I would expect you could get better than most humans at recognizing shapes in an image and drawing associations from that. Such associations are a plus in unexpected / surprise if they are rare in the culture or a plus in common attraction is they are common.

After that, to be cynic about it, you can randomize and second guess yourself so your audience doesn't catch on the 1st level mimicry.

Creativity is not normally used as an absolute with a unique measure. It's not "length". And you only need to please part of the audience to be successful - sometimes a very small part, some of which loves surprise and some hates it, etc. Someone elsewhere objected on the grounds that creativity or attractiveness is culture based - yeah so? if you were to please much of just one whole culture, you would have an insane hit on your hands.

Sounds feasible to me.

It's still reasonning based on pattern matching, which should go only so far. But "only so far" could be plenty for lots of applications.

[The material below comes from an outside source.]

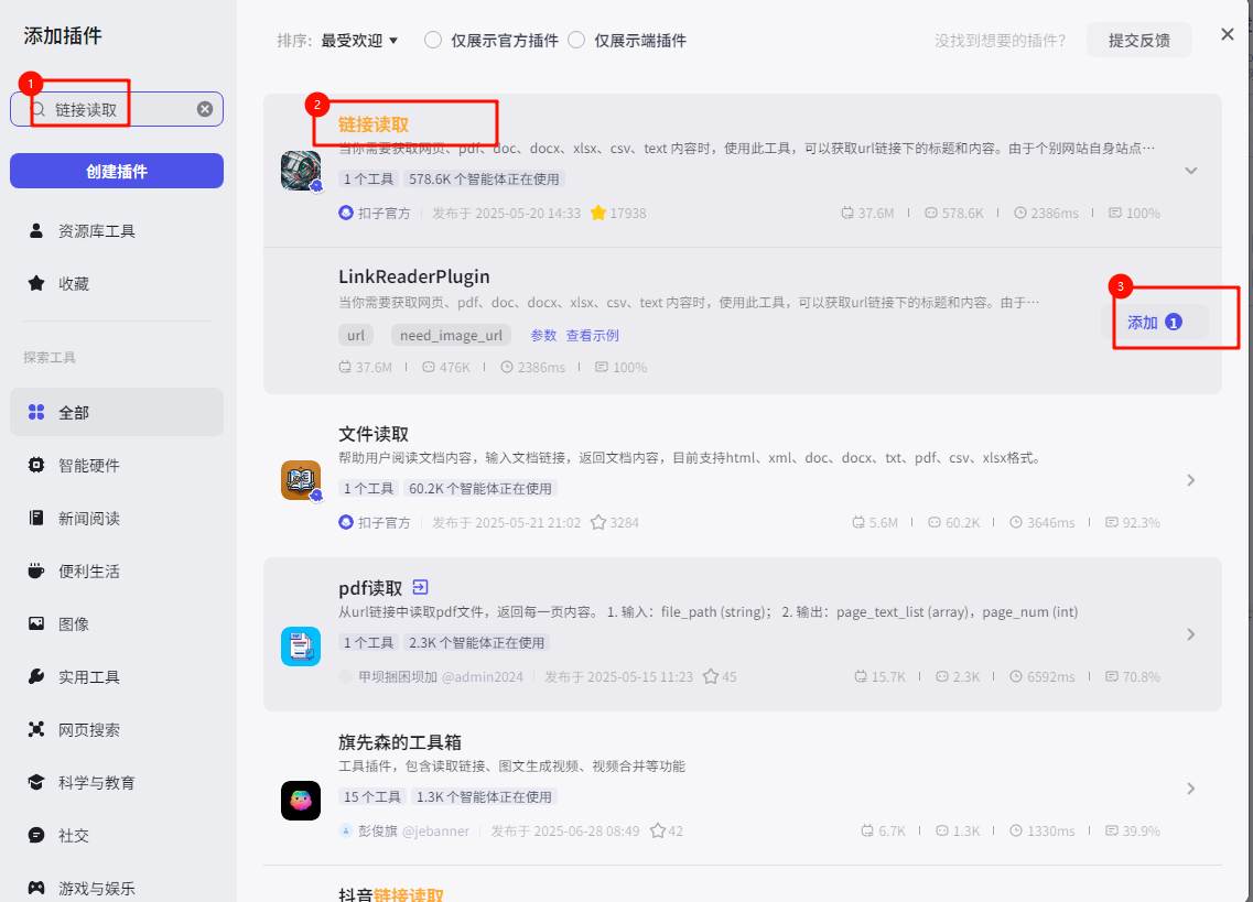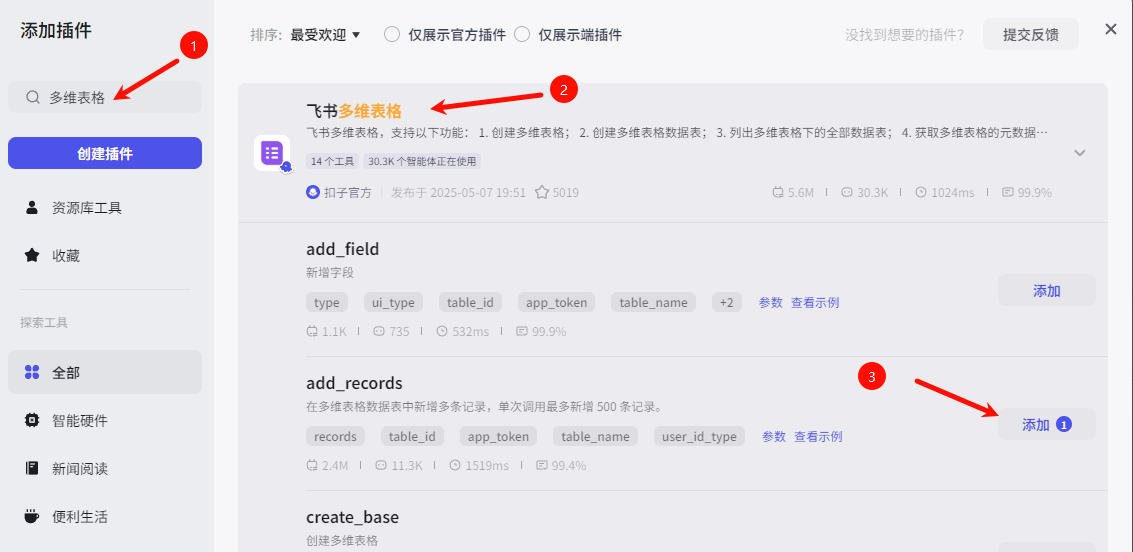 插件里面找到“扣子官方”的插件
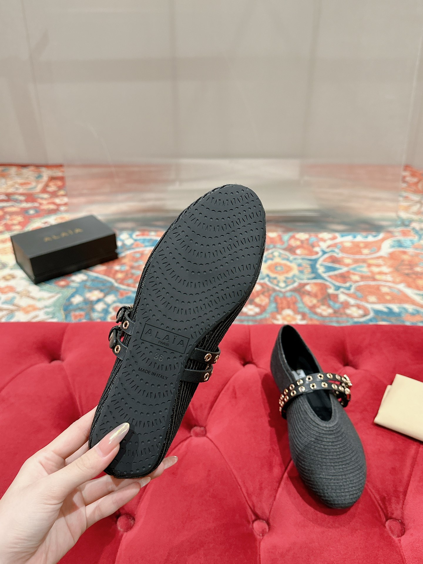 This shoes is AAAAA 1:1 quality (superb). Materials used are identical to the original ones. Alaia trademark marks are indistinguishable to the authentic. Photos take by actual shoes, what you receive will be 100% same with our photos.

researchers · 7 months ago

Tuning for qualitative outcomes is pretty much solved via RLHF/DPO (what this post calls "preference tuning"). Right?

ForOldHack · 7 months ago

"DeepSeek-R1 is the latest resounding beat in the steady drumroll of AI progress. " IBM's Intellect, from 1983 cost $47,000 dollars a month. Let me know when DeepSleep-Rx exceeds Windows (tm) version numbers or makes a jump like AutoCADs version numbers.